_RECORDS FOR THIS TASK_
● ● ●
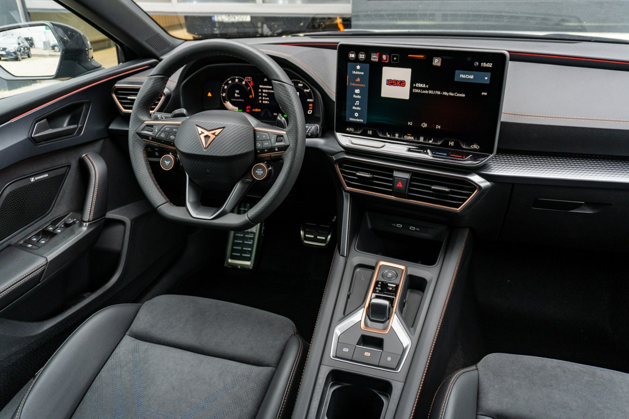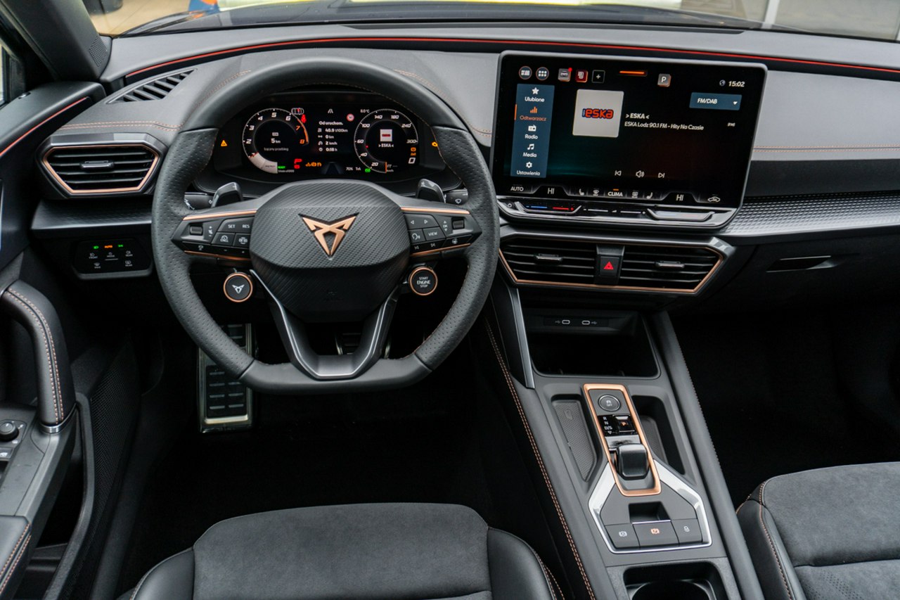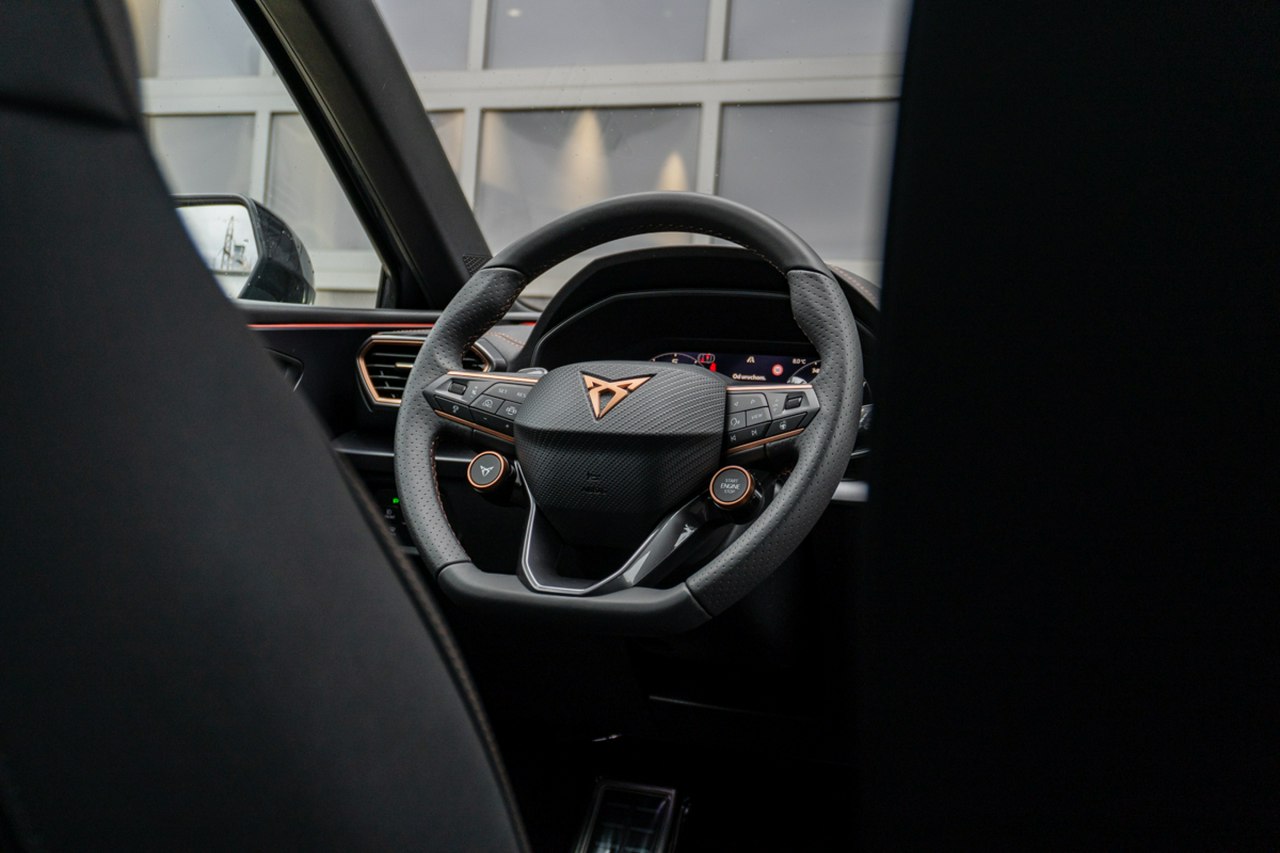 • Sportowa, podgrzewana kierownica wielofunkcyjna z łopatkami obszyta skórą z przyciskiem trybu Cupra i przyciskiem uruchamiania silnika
● ● ●
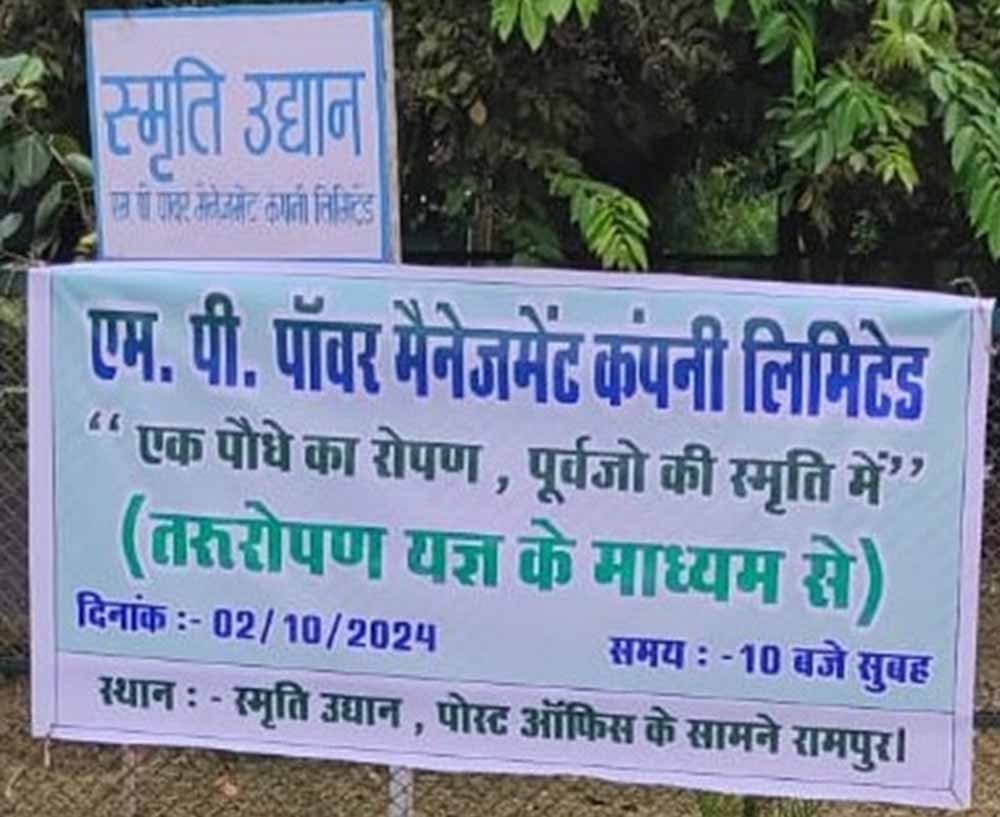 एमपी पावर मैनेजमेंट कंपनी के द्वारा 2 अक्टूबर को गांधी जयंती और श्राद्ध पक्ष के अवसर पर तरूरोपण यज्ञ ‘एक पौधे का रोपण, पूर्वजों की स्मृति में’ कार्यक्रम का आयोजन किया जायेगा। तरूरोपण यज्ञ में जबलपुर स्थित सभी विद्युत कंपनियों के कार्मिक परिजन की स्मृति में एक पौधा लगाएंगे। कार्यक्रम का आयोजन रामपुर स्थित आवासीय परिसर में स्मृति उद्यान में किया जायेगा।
● ● ●
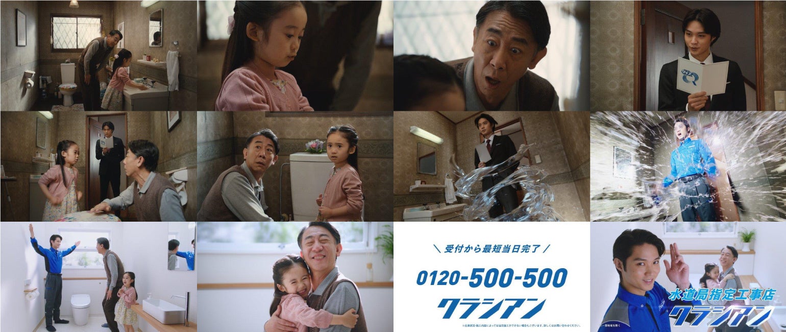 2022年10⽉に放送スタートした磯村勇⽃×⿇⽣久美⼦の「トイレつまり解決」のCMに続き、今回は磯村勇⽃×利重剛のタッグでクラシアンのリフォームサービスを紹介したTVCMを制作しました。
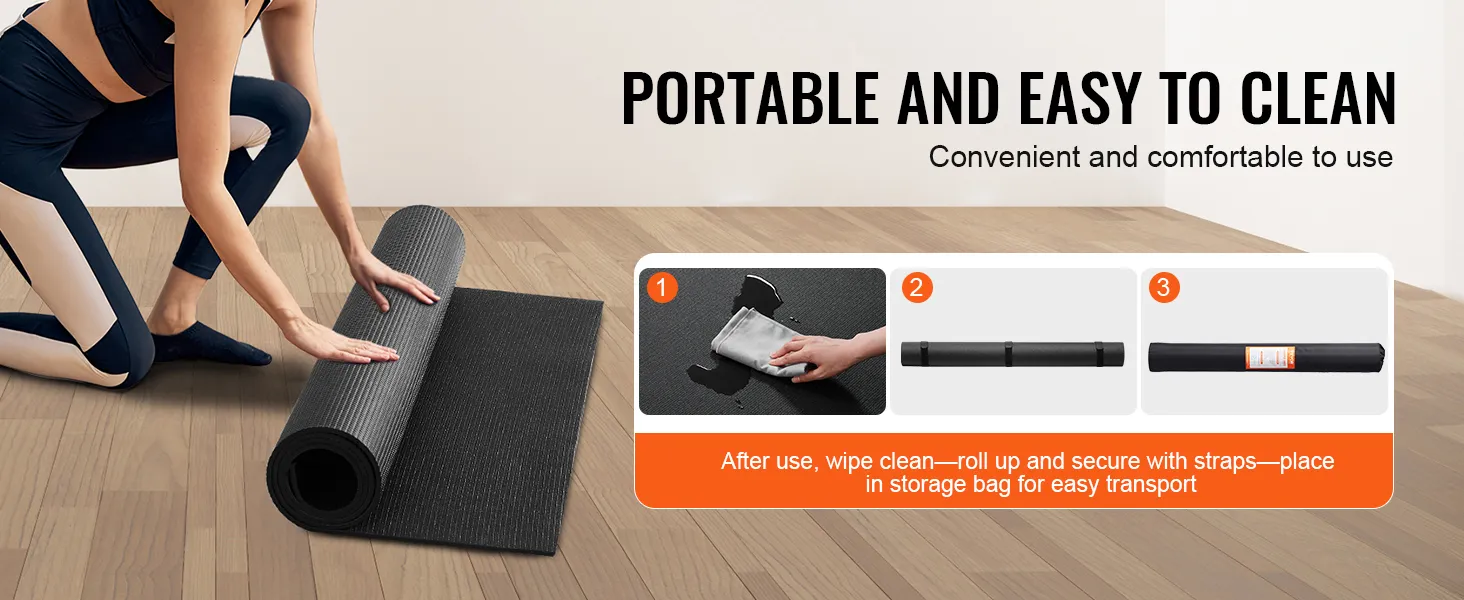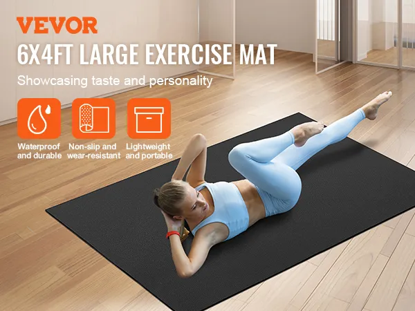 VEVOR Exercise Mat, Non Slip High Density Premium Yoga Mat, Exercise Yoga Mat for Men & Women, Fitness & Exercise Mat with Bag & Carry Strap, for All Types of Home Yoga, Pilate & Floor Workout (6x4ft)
● ● ●
_TASK TO COMPLETE_
From the listing above, please give again the lines that begin with the line holding "2022年10⽉に放送スター" and go on through the line holding "VEVOR Exercise Mat, Non", exactly, both ends included, minus any picture.

_RESULT_
 2022年10⽉に放送スタートした磯村勇⽃×⿇⽣久美⼦の「トイレつまり解決」のCMに続き、今回は磯村勇⽃×利重剛のタッグでクラシアンのリフォームサービスを紹介したTVCMを制作しました。
 VEVOR Exercise Mat, Non Slip High Density Premium Yoga Mat, Exercise Yoga Mat for Men & Women, Fitness & Exercise Mat with Bag & Carry Strap, for All Types of Home Yoga, Pilate & Floor Workout (6x4ft)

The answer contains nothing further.